Items listed in a dataset
====================

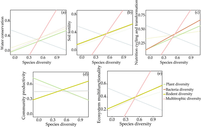 不同營養(yǎng)級物種多樣性對生態(tài)系統(tǒng)功能的影響:(a) 水分保持;(b) 土壤肥力;(c) 養(yǎng)分循環(huán)與轉(zhuǎn)化;(d) 群落生產(chǎn)力;(e) 生態(tài)系統(tǒng)多功能性。實線表示顯著關系,虛線表示無顯著關系
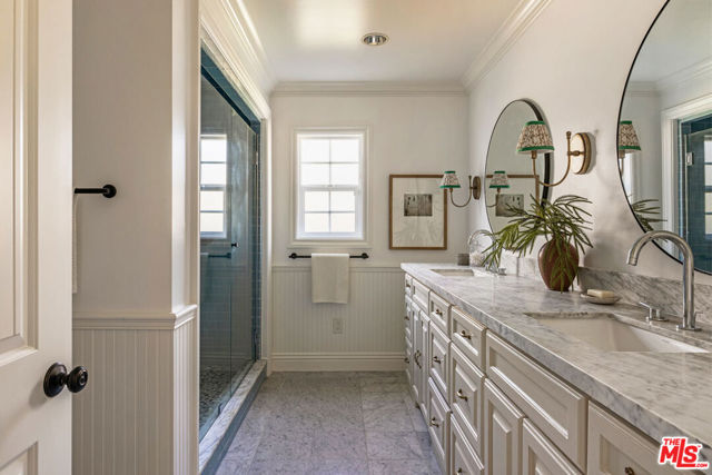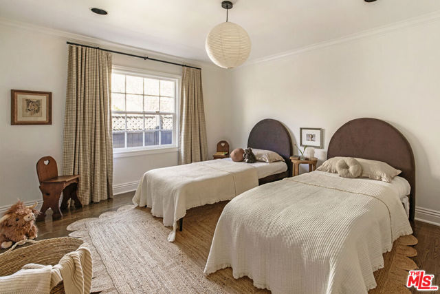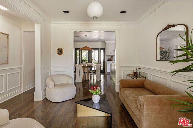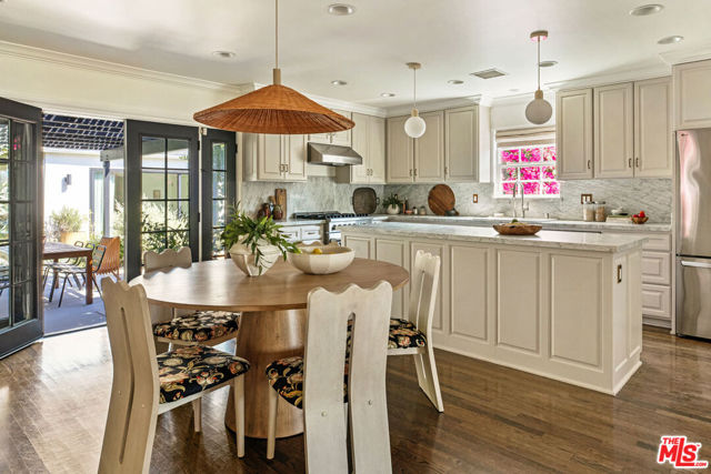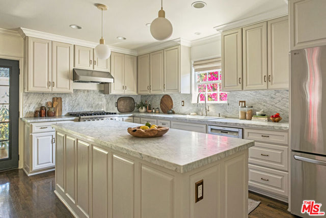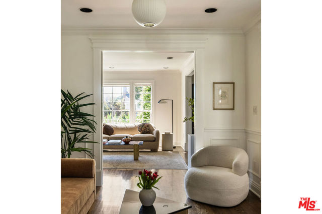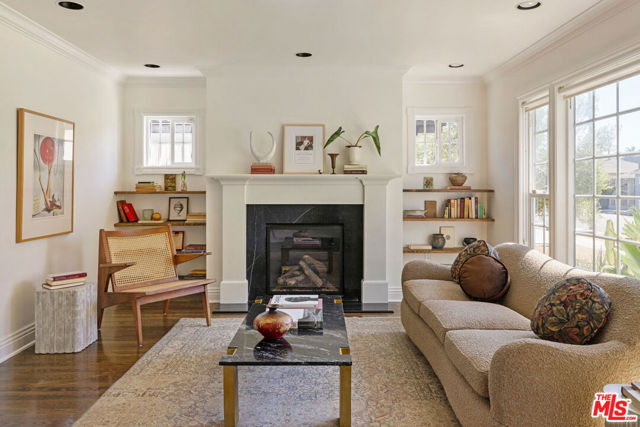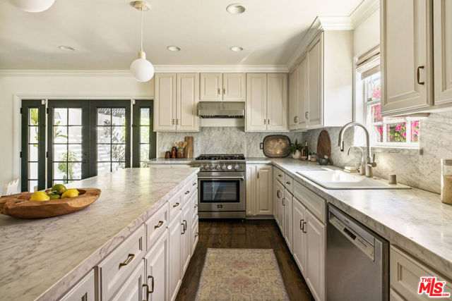 Live the LA dream with this beautifully updated Traditional featuring an ADU and grassy yard. The gracious interior is a study in old-world charm with character details throughout, including wainscoting, hardwood floors, and crown molding. The light-filled living room features a gorgeous fireplace; a sunny den connects living and spacious kitchen, finished with stainless appliances and island. French doors take you from the dining room to the backyard for seamless indoor-outdoor flow. Three bedrooms include a set-back primary with French doors, ensuite bath, and walk-in shower. The modern ADU features an oversized sliding glass wall, built-in desk, and an updated kitchen, perfect for hosting or rental income. Relax in the tranquil backyard, your private oasis with grassy play area, vibrant bougainvillea, stone lounge with fire pit, and pergola-covered patio for dining and entertaining. Amenities include central AC, laundry, and parking. You're moments from Highly Likely, Halfday Coffee, Maydan Market, and the Kenneth Hahn State Recreation Area.
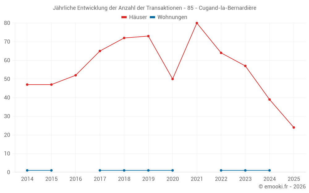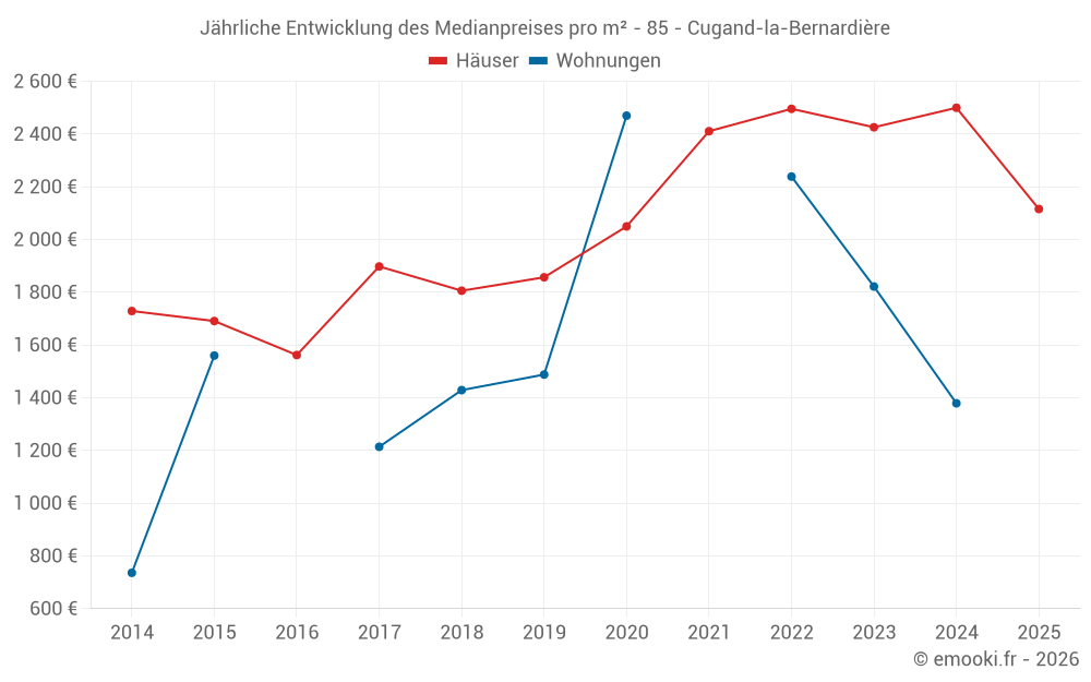 Der Durchschnittspreis auf den 24 Hausgeschäften der letzten 6 Monate in der Gemeinde Cugand-la-Bernardière betrug 2 116 € pro Quadratmeter für einen mittleren Immobilienwert von 158 500 €. Über diesen Zeitraum hinweg lagen 60% der Transaktionen zwischen 1 467 und 2 796 € pro Quadratmeter (vom 2. bis zum 8. Dezil).
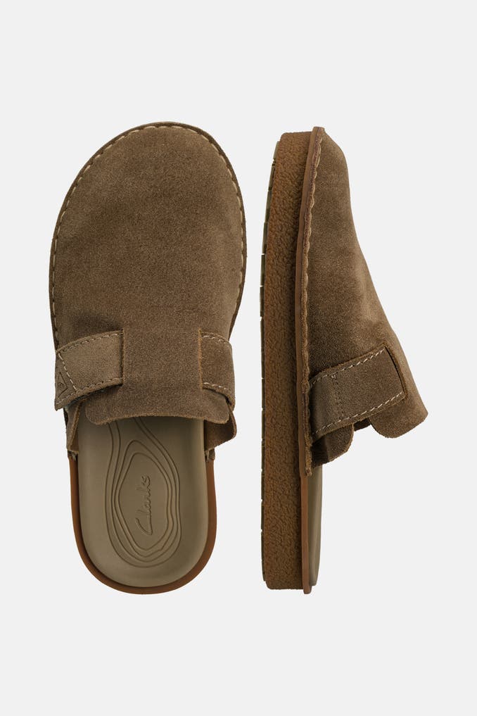 Entdecken Sie die stilvollen Pantoletten 'Litton' in Khaki von Clarks! Das rau-lederne Obermaterial verleiht dem Schuh eine hochwertige Optik und Haptik. Mit der runden Schuhspitze und der bequemen Gummisohle sind sie perfekt für entspannte Freizeit-Looks geeignet.
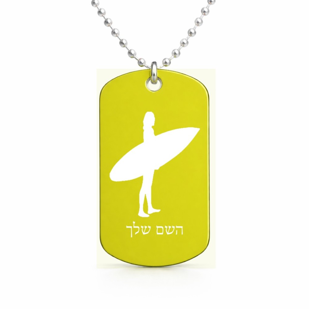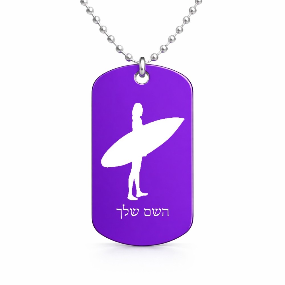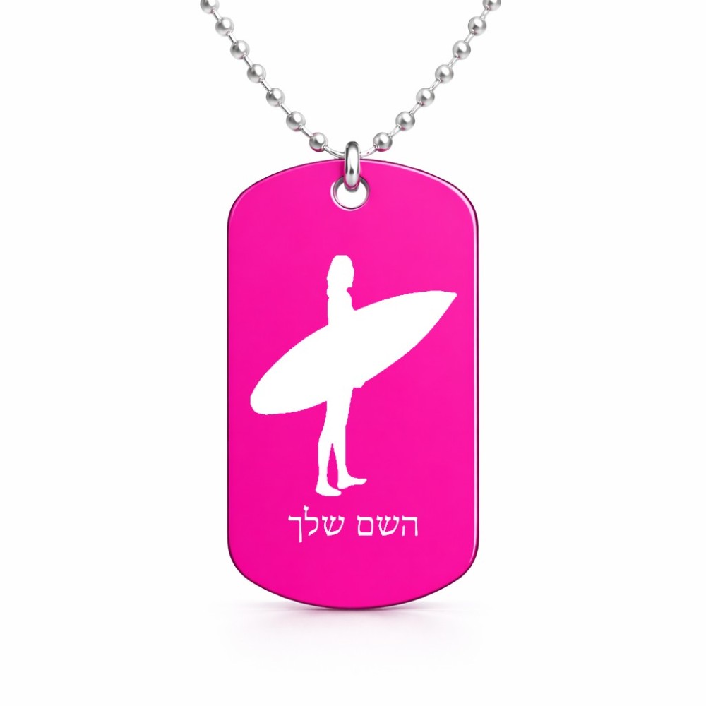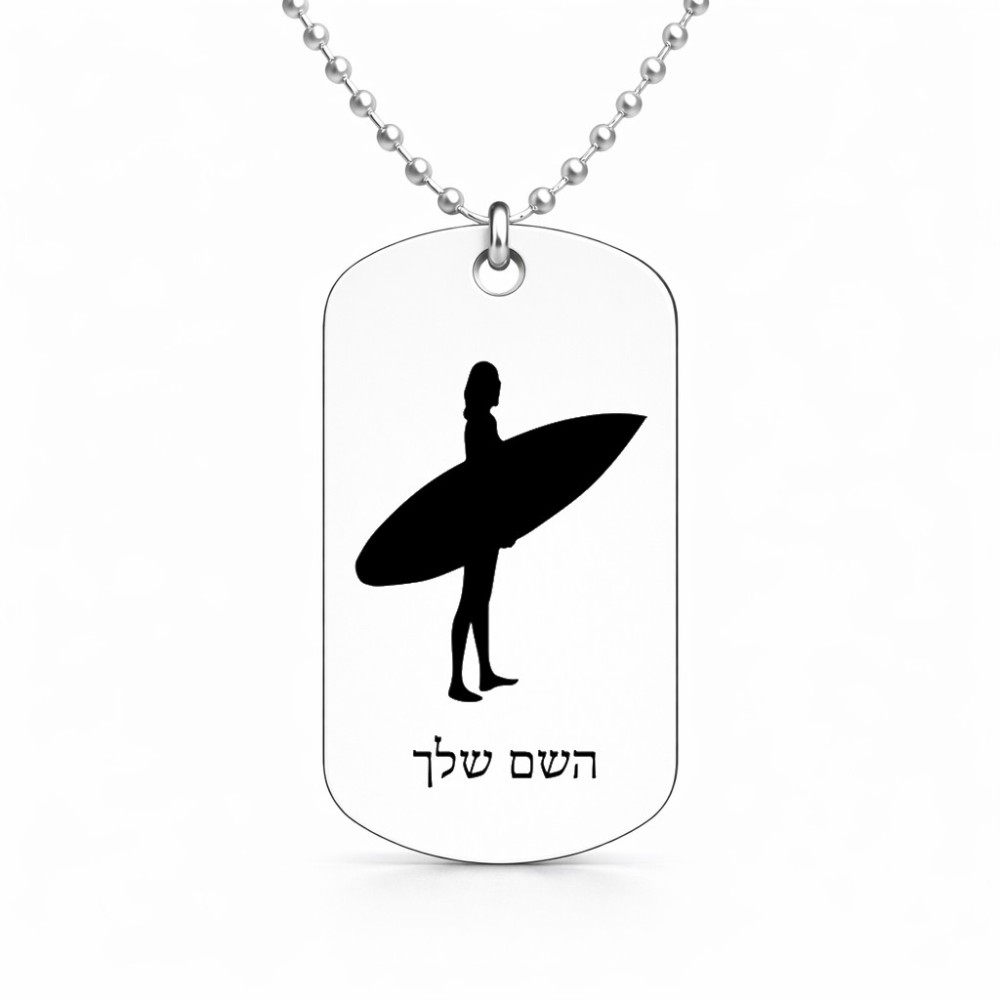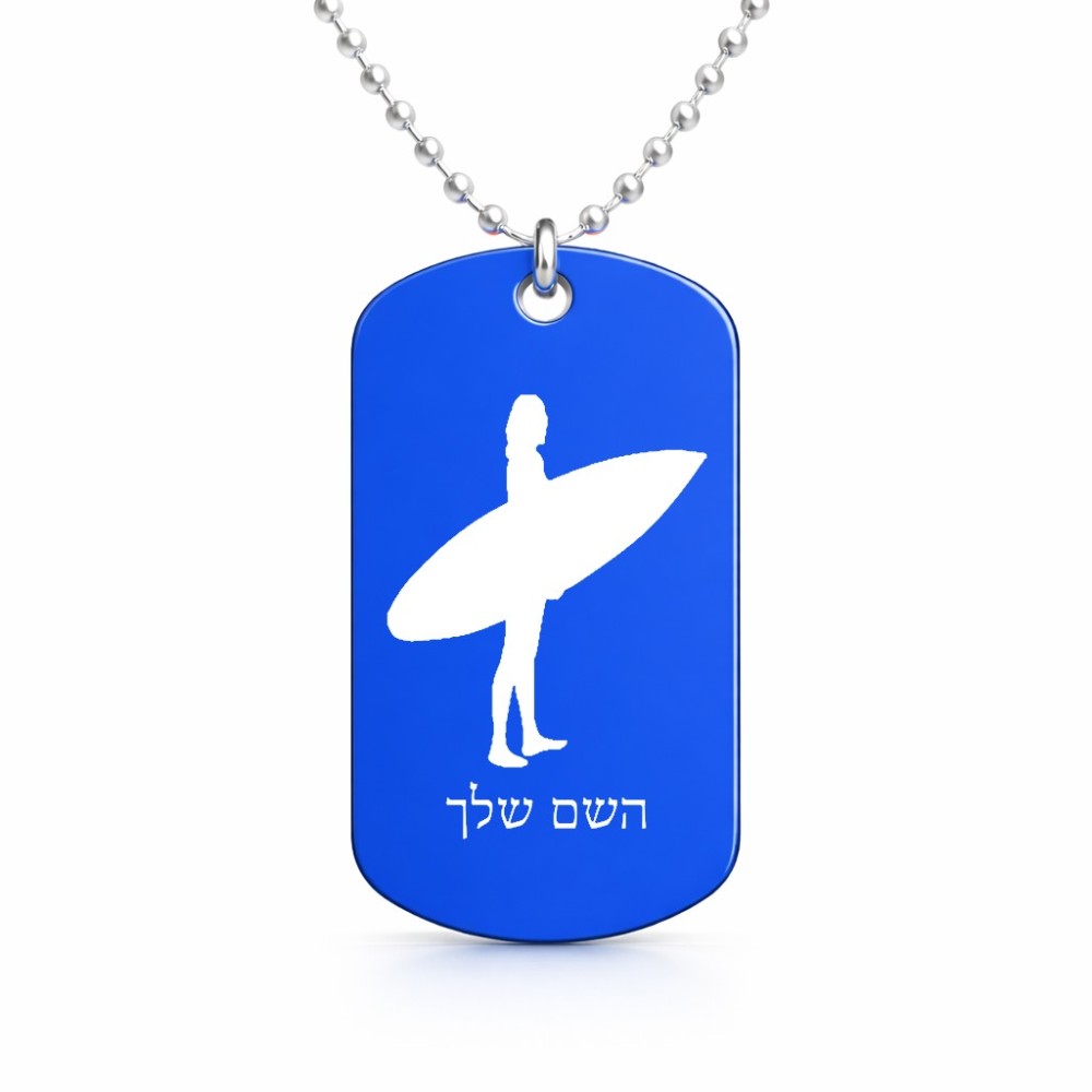 שרשרת דיסקיט מאלומיניום בעיצוב אישי עם השם שלך בעיצוב גלישה - גלישה גודל הדיסקיט 2.9 × 5 ס"מ. את השם המבוקש ניתן לציין בהזמנה, אם לא צויין אנחנו ניצור קשר לבירור.

====================

__Task directions__. What is needed is an exact repetition of every line from the line with "Entdecken Sie die" to the end of the data above, both ends included, with no pictures.

__Result of the task__.
 Entdecken Sie die stilvollen Pantoletten 'Litton' in Khaki von Clarks! Das rau-lederne Obermaterial verleiht dem Schuh eine hochwertige Optik und Haptik. Mit der runden Schuhspitze und der bequemen Gummisohle sind sie perfekt für entspannte Freizeit-Looks geeignet.
 שרשרת דיסקיט מאלומיניום בעיצוב אישי עם השם שלך בעיצוב גלישה - גלישה גודל הדיסקיט 2.9 × 5 ס"מ. את השם המבוקש ניתן לציין בהזמנה, אם לא צויין אנחנו ניצור קשר לבירור.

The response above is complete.